The report looked at the keywords used in searches about Korean tourism in major search engines like Google, Baidu and Yahoo. In English-speaking regions, the word “kimchi” was the most searched for keyword, with 450,000 hits per month on average, followed by "Korean drama," "Seoul" and "Korean movie." In German, the word “kimchi” was also the most searched for keyword. The word “Hangeul” for the Korean alphabet and the name of the folk song “Arirang” were also in the top 10 keywords in German-speaking populations.

In simplified Chinese, the word “Sinchon,” a busy university neighborhood in Seoul, was at the top, with a record 32 million clicks per month. In traditional Chinese, people searched for “Demilitarized Zone” the most, with 120,000 clicks per month.

Japanese speakers were mostly curious about “K-pop,” while people using French and Spanish were interested in “taekwondo.” The pop culture website “Allkpop” (www.allkpop.com) was at the top of the list for Russian speakers.
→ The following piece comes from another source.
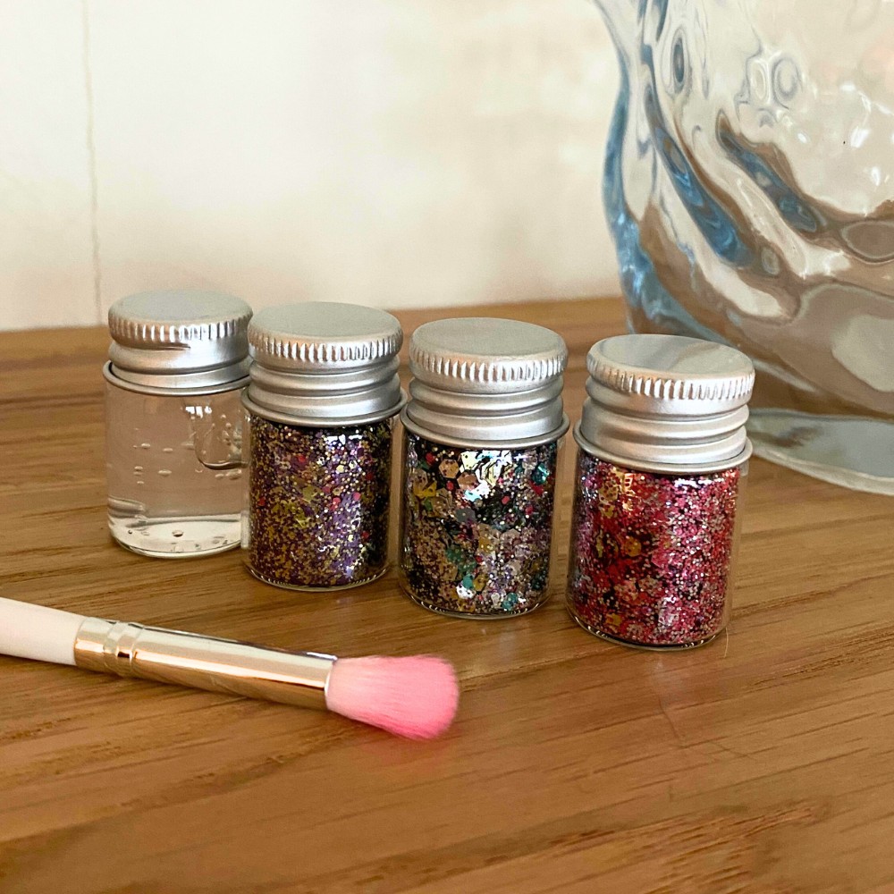 Vårt kosmetiske glitter er et miljøvennlig plantebasert løst glitter som brytes ned i naturen. Det er vegan og er ikke testet på dyr. De naturlige fargestoffene kan smitte av på hud, spesielt de mørke fargene. Vask bort med mild såpe. Bioglitter er ikke spiselig og skal ikke påføres for nærmt øyet.

The top search words differed by language or country, but city names like Seoul and Busan, or common words like kimchi, Hangeul or Hallyu, were also commonly found.

“Korea’s representative food, kimchi, was one of the most popular search words all across the world,” said Je Sang-won, the head of the International Tourism Information Team at the KTO. “Because there are a vast number of Chinese tourists visiting Korea, Mandarin-speaking populations are interested in names of neighborhoods where they can go shopping, like Sinchon or Myeongdong.”